A first inspection to defend against phishing sites is to display the icon (a lock on all browsers) to indicate that you have established a secure connection (eg SSL). In fact, copying the relevant html, you can easily imitate the authentication page which looks like identical to the original while the presence of a secure connection requires certificates that uniquely identify an Internet site.
There are specific programs and even blacklisting (blacklisting), that allow you to alert you when you visit a site is probably not genuine. Users of Microsoft Outlook / Outlook Express can also protect themselves through the free program Delphish, added a tool-bar in MS Outlook / MS Outlook Express with which you can find links in suspicious e-mail.
Warning! It's a good idea to always be wary of someone who asks you, through the various forum, to enter your account information (username, password, credit card number) that are on line accessible via the link in the message. 100% that link does not bring the website of your bank, but to a site clone.
Keep in mind that banks or other on line services will never ask these data using email or message like that.
It's a good idea also never connect to the sites of banks or on line services by clicking on the links inserted into messages, connect to always write the site address (the one sure you already know) in the address bar of your browser.
Finally, at the cost of being repetitive, here are some decalogue for protect themselves from Phishing:
Be wary of any e-mails that ask for your confidential information: your bank will not require such information via e-mail.
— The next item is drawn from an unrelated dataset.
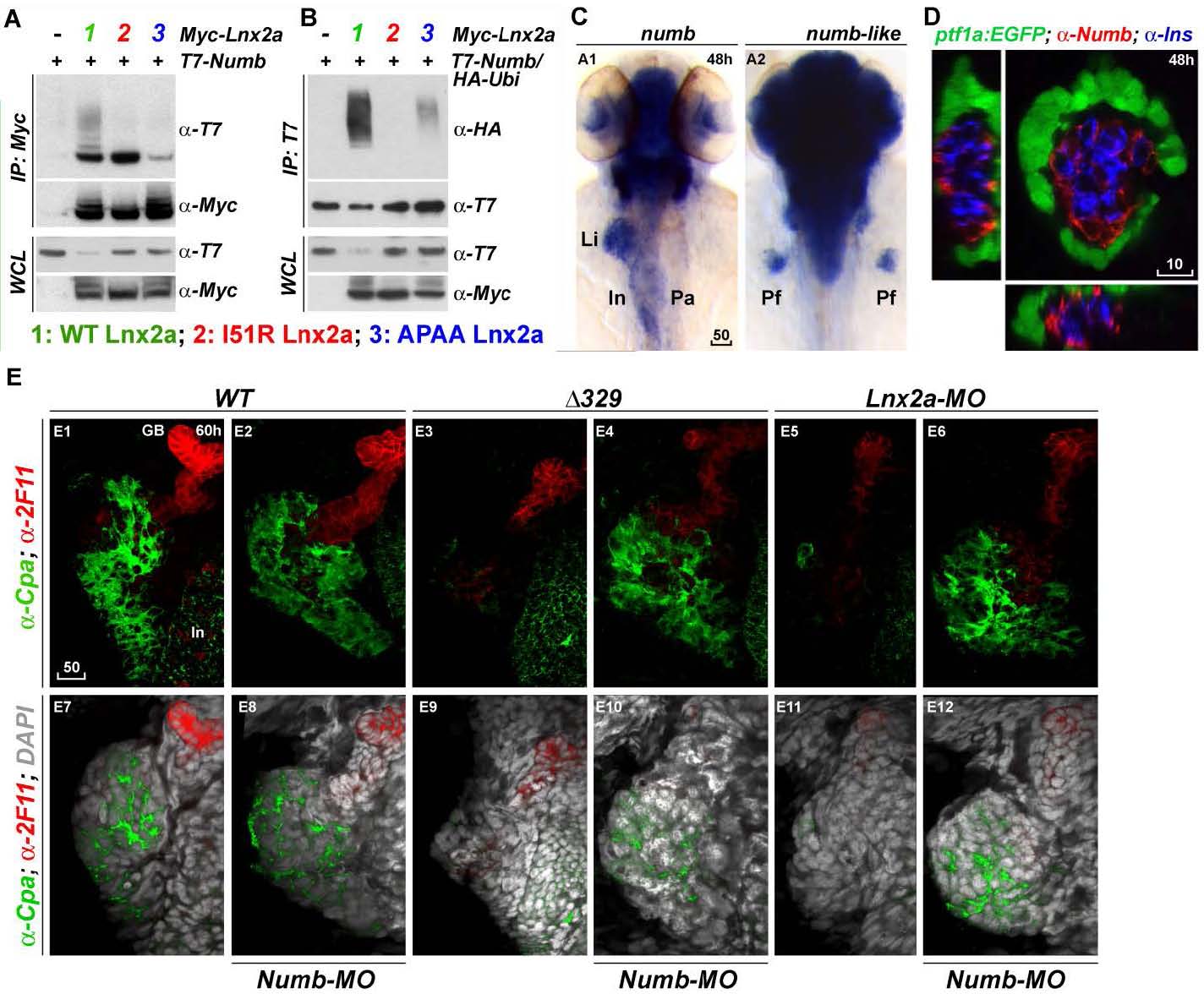 Fig. S5 Numb is a target of Lnx2a in the zebrafish pancreas. (A and B) Lnx2a is an E3 ubiquitin ligase that mediates the ubiquitination and degradation of Numb (16, 17). Myc-tagged WT Lnx2a and I51R and APAA mutants were co-transfected into 293T cells with T7-tagged Numb (A) and HA-tagged ubiquitin (B). After 36 h, immunoprecipitation and immuno blotting were performed with the indicated antibodies. (A) Numb interacts with WT and I51R mutant, but not with APAA mutant Lnx2a. In particular, co-immunoprecipitated Numb with WT Lnx2a was highly modified. (B) poly-ubiquitination of Numb was induced by WT Lnx2a but not by the I51R or APAA mutant. (C) Expression pattern of numb during early pancreas development. Transcripts of numb were detected in the whole pancreas, liver and intestine at 48 hpf, whereas numb-like was found in the brain but not in the endoderm. (D) Immune-staining with Numb antibody in Tg(ptf1a:EGFP) embryos reveals that Numb is expressed in the primary islet but not in ptf1a:EGFP+ ventral pancreas. At 48 hpf, Tg(ptf1a:EGFP) embryos were stained with anti- Insulin and anti-Numb antibodies, and confocal images in three axes are shown. (E) Immuno staining shows that exocrine pancreas defects in lnx2aΔ329 mutants and lnx2a-MO injected embryos are rescued by the knock-down of Numb. After numb-MO injection into WT siblings, lnx2aΔ329 mutants, and lnx2a-MO injected embryos, embryos were stained with anticarboxypeptidase A (α-cpa) and ductal cell-specific antibody 2F11, at 60 hpf. Stained embryos were analyzed by confocal laser scanning microscopy, and Z projections are shown. lnx2aΔ329 mutants and lnx2a-MO injected embryos showed defects in Cpa+ exocrine pancreas that could be rescued by knock-down of Numb. Li, Liver; In, Intestine; Pa, Pancreas; Pf, Pectoral fin; GB, Gall bladder; Scale bar, 50 µm (A and E) and 10 µm (B).

It's possible recognize scams via e-mail with some little attention. Generally, these e-mails are not personalized and contain a generic message requesting personal information for reasons not well specified (eg, expiration, loss, technical problems), making use of tone of intimidation, such as threatening the suspension when no answer, do not carry an expiration date for sending the information. If you receive a message containing such request, do not respond via e-mail, but your bank immediately informed through the call center or by going into a branch. Do not click on links in suspicious emails, as these links may lead you to a spoof site, hardly distinguishable from the original. Although the address bar of your browser displays the correct address, do not trust, and possible in fact for a hacker to display an address different from that in which you are actually. Be wary also of e-mail with very long web addresses containing unusual characters. When entering confidential data into a web page, make sure that this is a secure page: These pages are recognizable as the address which appears in the address bar of your browser starts with https:// and not http:// and in the lower right corner of the page and this a lock. Be suspicious if you suddenly change the mode in which you are prompted to enter your access codes to the home banking, for example, if they are requested not through a page of the site, but through pop-up (an additional window of size reduced). In this case, contact your bank by going through the call center or in branch. Regularly monitor your account statements and credit cards to ensure that the transactions listed are those actually carried out. Otherwise, contact your bank or card issuer. The producers of browsers will regularly available on-line and free down-loadable updates (called patches) that increase the safety of these programs. Sites of these companies and can also verify that your browser is updated, otherwise, and should download and install the patches. Internet and a bit like the real world: how would you give to a stranger is not the PIN of your ATM, so we must be extremely cautious in handing over your sensitive data without being sure of who is asking them . If in doubt, contact your bank.